Taylor Swift vs Record Labels
It’s funny that record labels, sometimes known for being greedy and anti-musician would totally decide to be more fairer to musicians and totally not make it worse, right? Record labels now want to extend the timeline that restricts musicians from re-recording their songs.
For decades, standard major-label recording contracts stated artists had to wait for the latter of two periods to expire before they could put out re-recorded versions, Swift-style: It could have been five to seven years from the release date of the original, or two years after the contract expired. Today, attorneys are receiving label contracts that expand that period to 10 or 15 years or more — and the attorneys are pushing back. “It becomes one of a multitude of items you’re fighting,” Karp says.
Speak of Taylor Swift. Her Eras Tour has apparently grossed $4B+ and she is officially (apparently) a billionaire from music alone. Pretty incredible feat.
With the release of the concert film doing well ($200m+), it somewhat vindicates my belief that cinemas should play things other than just movies in them. Definitely in awe of what she has managed to accomplish.
Latent Cultural Potential
A few weeks I wrote about how “NFTs Can’t Die”. One of my favourite artists in this space is Takens Theorem: someone truly using the medium for art and expression. They wrote a new post on EtherScan detailing onchain NFTs and dynamism. The discussion had been flowing again this week on Twitter because Elon Musk on Joe Rogan spoke about how NFTs are tokens with links to servers. However, a growing and burgeoning onchain NFT scene has been ongoing for quite some years.
I appreciate they mentioned my project “Witness The Draft” which I started creating a year ago as I did nanowrimo.
Are you doing nanowrimo this year? I’m not, although, I am writing a new novel, just not as part of nanowrimo. Any cool dynamic onchain NFTs you seen?
Wisdom of a Council
It’s been interesting to watch DAO structures evolve and iterate over the past few years. One thing I was hoping to see is to have more parallel and additional governance mechanism interface with purer token-only structures. One such example is Optimism’s Token House and Citzens’ House.

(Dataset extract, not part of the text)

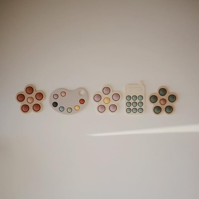 - Made with little hands in mind, our flower press toy encourages sensory exploration and the development of fine motor skills with its simple design and soft colors. Featuring food grade silicone and a BPA-free plastic frame, children will tap into learning as they press the bubbles and hear a gentle pop.
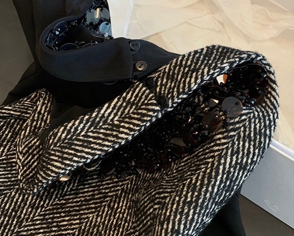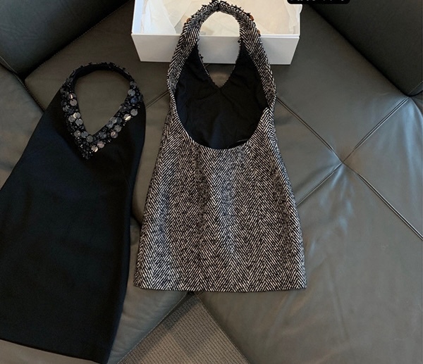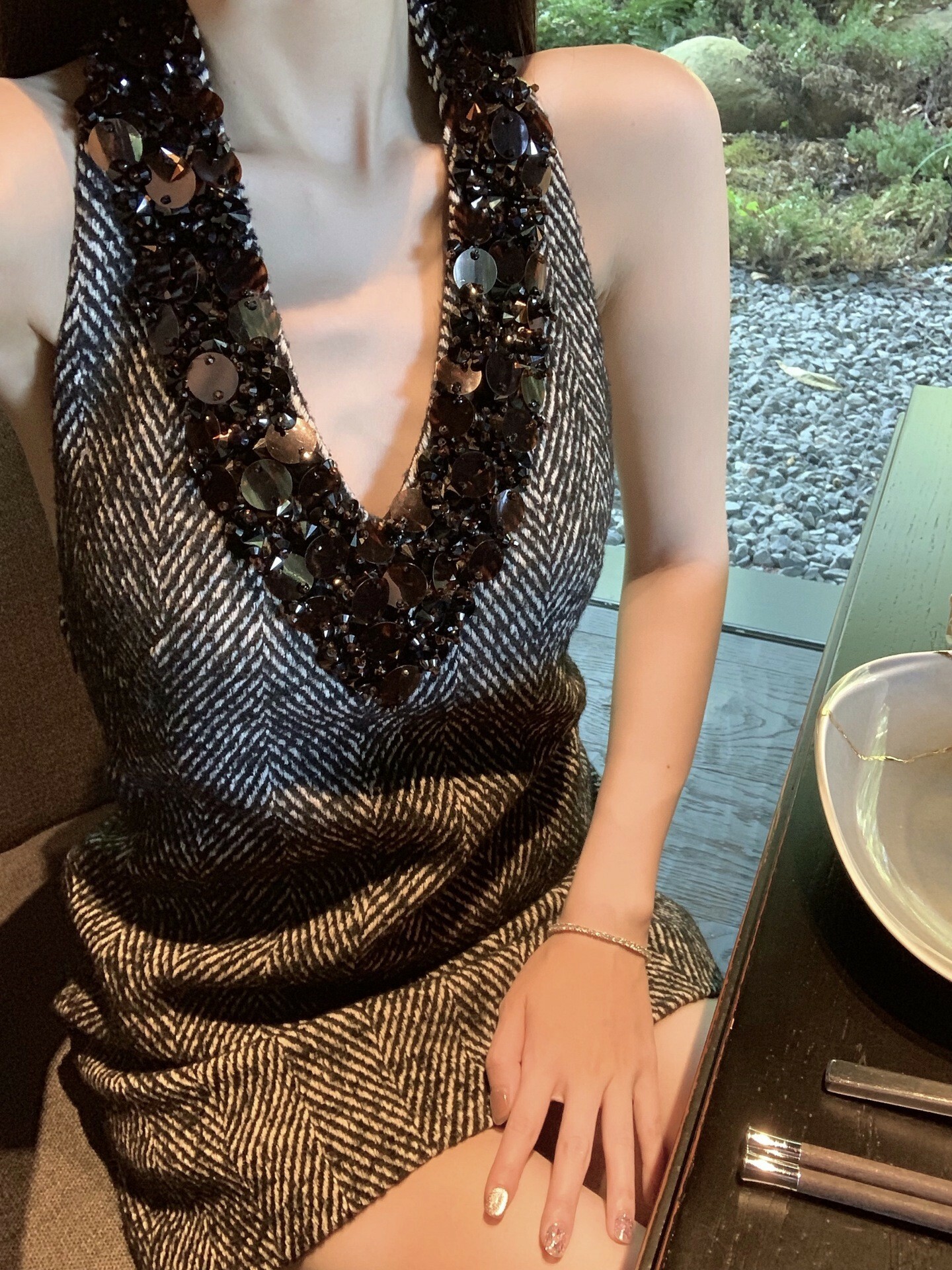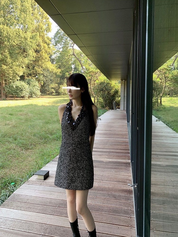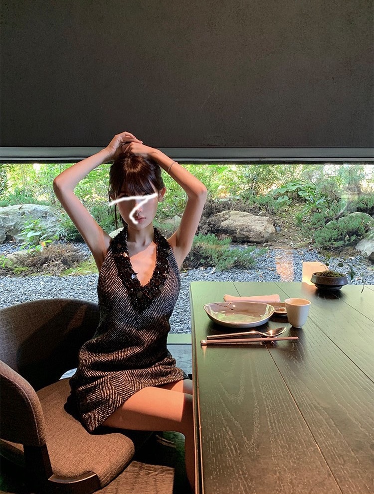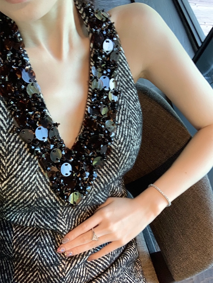 堆疊亮片 掛脖露背毛尼洋裝(人字紋/黑)

FWB, for example, added an additional governing structure called the Community Council.
What’s your most interesting governance structure currently being experiment with in web3?
Old Appalachia
A surprise to me. I didn’t know that the mountain range on east coast is the same historical one that was originally attached to the west of the UK into Norway.
Any other interesting old geographic stories in the world?
Weekly Zora Mint
I’ve been watching Scavenger’s Reign this week. A magical exploration of alien life and this art piece immediately reminded me of the series. It’s animated, so click through! L2 Diving by bystani.eth.
Minting this piece also earns referral fees for this newsletter.
Hania Rani - Hello (Live)
I’ve been on a Hania Rani kick again this week. Such a wonderful mix piano ambience and ethereal dance grooves to get lost into. Her music videos is always so magical. Some of the most magical experiences I’ve had included losing myself in beautiful scenery and this is some of her music videos.
That’s it for this week, folks. Enjoy a beautiful sunset!